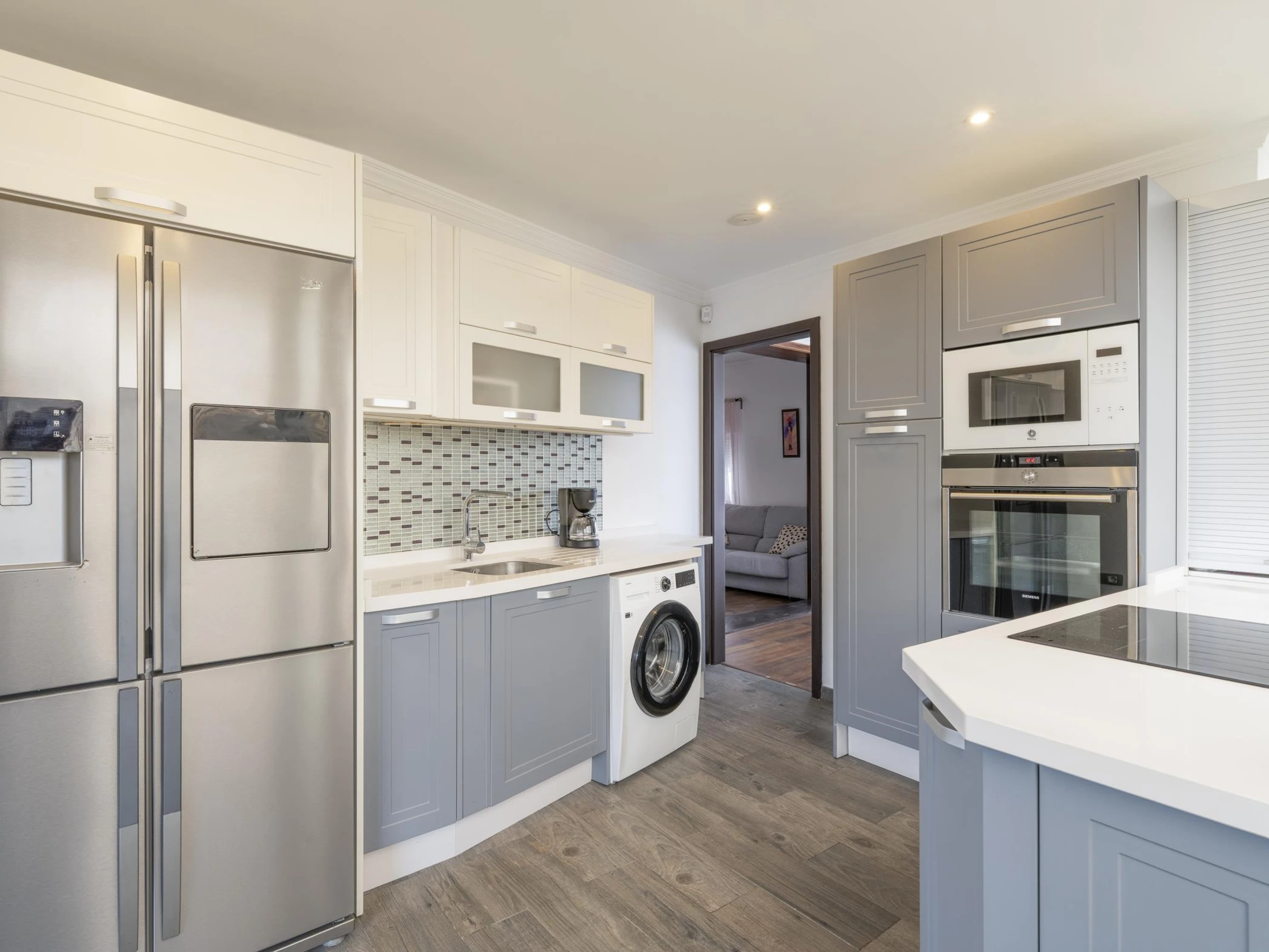 Die moderne Küche lässt keine Wünsche offen und verfügt über einen großen Kühlschrank mit Doppeltür, Backofen, Mikrowelle, Espressokocher und Filterkaffeemaschine, Zitruspresse, Toaster, Induktionskochfeld, Wasserkocher, Mixer sowie sämtliche Küchenutensilien für einen komfortablen Aufenthalt.
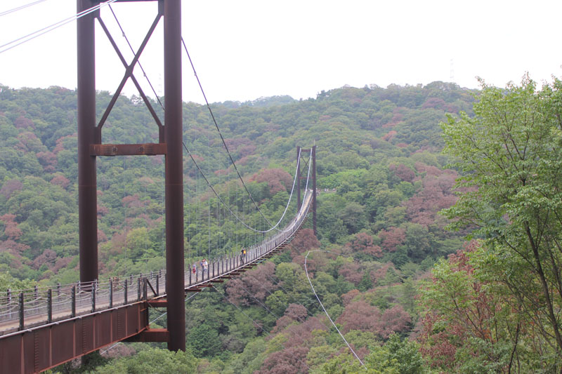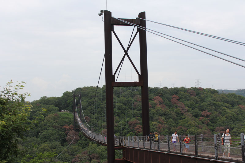 長さ280mもある吊り橋をわたって反対側に行く。 中央付近はかなり揺れていた。 反対側に回ったけど、雨も降りそうだし、他に何もなさそうなので、そのまま吊り橋を渡って戻ってきた。 大阪にこんなスポットがあったとは、知らなかったな。
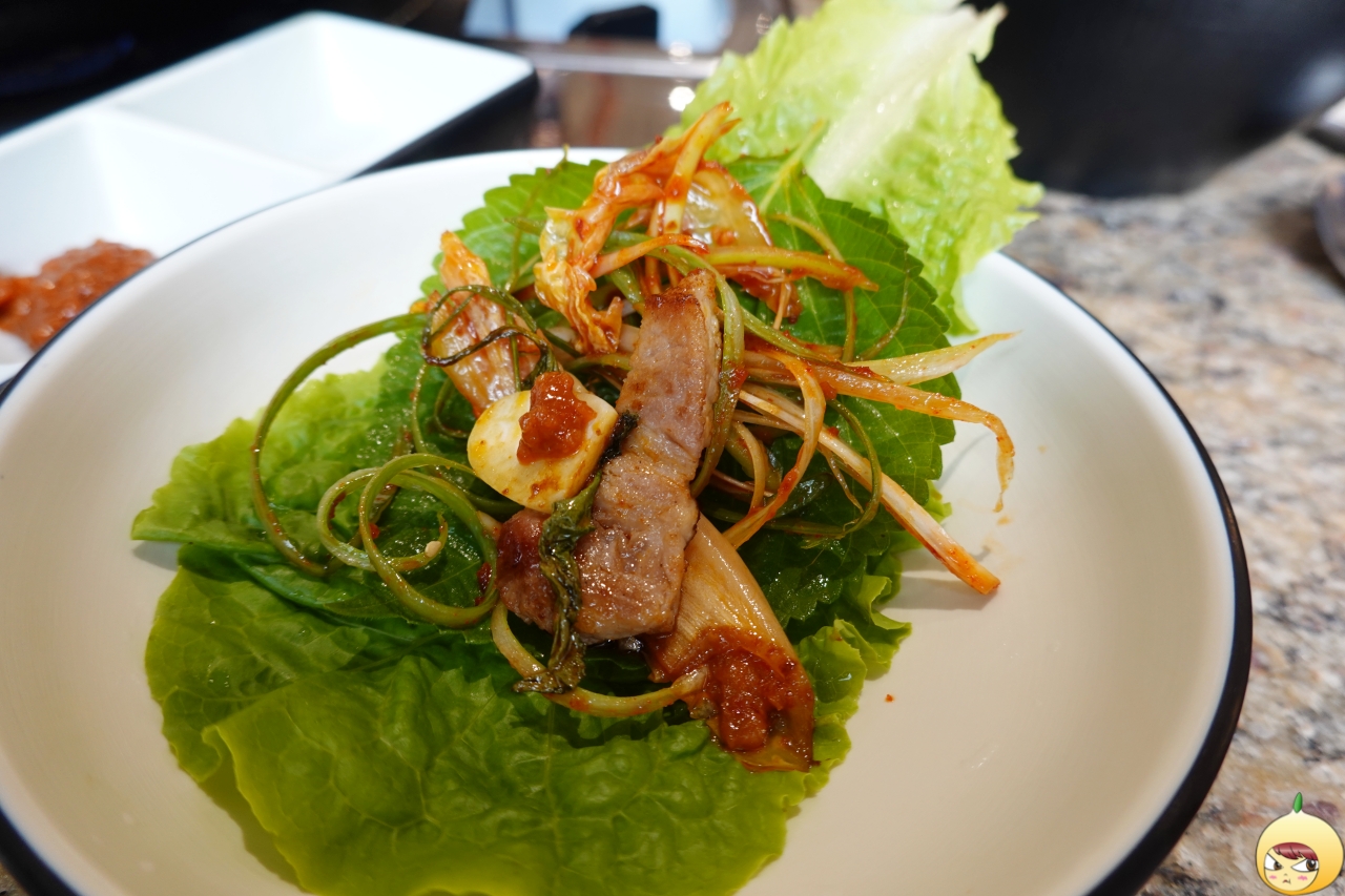 비계를 먹지 못하는 1인에게 본연의 맛은 사치일 뿐이다. 물컹거리는 식감을 싫어해 비계를 바삭하게 익혔는데도, 돼지고기는 무조건 쌈이다. 상추에 깻잎, 마늘 그리고 콩나물무침과 미나리, 김치까지 다 때려넣는다.
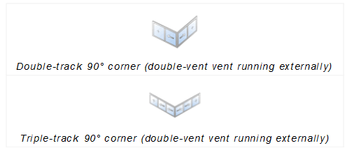 Double and triple-track 90° corners can be created so that they correspond to the following types in the order manual:
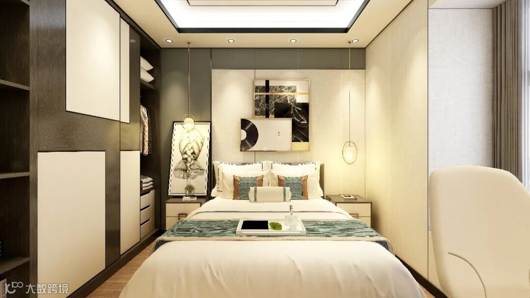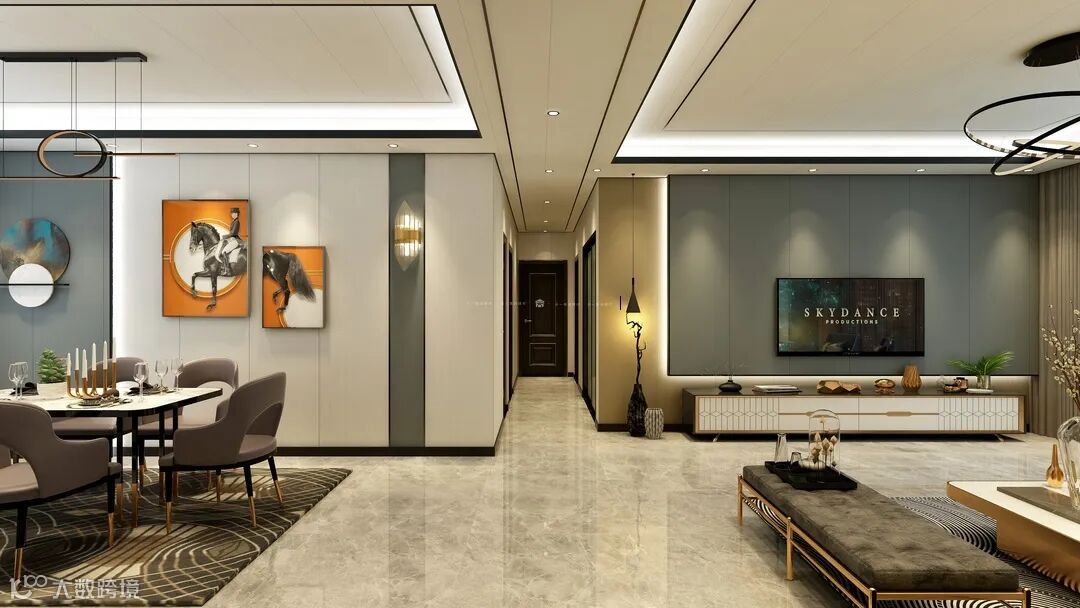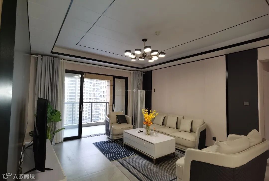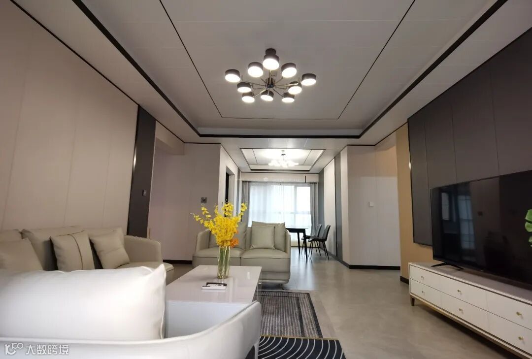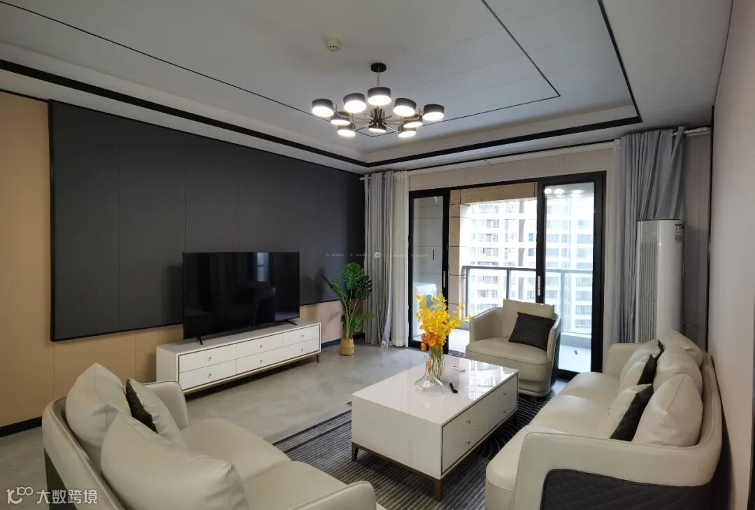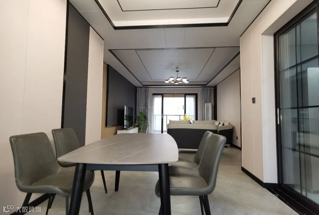 牛牛公寓是现代极简的风格,全屋墙面选用了竹木纤维集成墙板,全屋平铺,加上灰色墙板色调,看上去比较沉稳大气,天花吊顶也是选用了400的墙面。做了二级吊顶,白色墙板搭配黑色金属线条,简约而不简单。
**********
Your task is to retype the listing exactly, without its pictures.

 Die moderne Küche lässt keine Wünsche offen und verfügt über einen großen Kühlschrank mit Doppeltür, Backofen, Mikrowelle, Espressokocher und Filterkaffeemaschine, Zitruspresse, Toaster, Induktionskochfeld, Wasserkocher, Mixer sowie sämtliche Küchenutensilien für einen komfortablen Aufenthalt.
 長さ280mもある吊り橋をわたって反対側に行く。 中央付近はかなり揺れていた。 反対側に回ったけど、雨も降りそうだし、他に何もなさそうなので、そのまま吊り橋を渡って戻ってきた。 大阪にこんなスポットがあったとは、知らなかったな。
 비계를 먹지 못하는 1인에게 본연의 맛은 사치일 뿐이다. 물컹거리는 식감을 싫어해 비계를 바삭하게 익혔는데도, 돼지고기는 무조건 쌈이다. 상추에 깻잎, 마늘 그리고 콩나물무침과 미나리, 김치까지 다 때려넣는다.
 Double and triple-track 90° corners can be created so that they correspond to the following types in the order manual:
 牛牛公寓是现代极简的风格,全屋墙面选用了竹木纤维集成墙板,全屋平铺,加上灰色墙板色调,看上去比较沉稳大气,天花吊顶也是选用了400的墙面。做了二级吊顶,白色墙板搭配黑色金属线条,简约而不简单。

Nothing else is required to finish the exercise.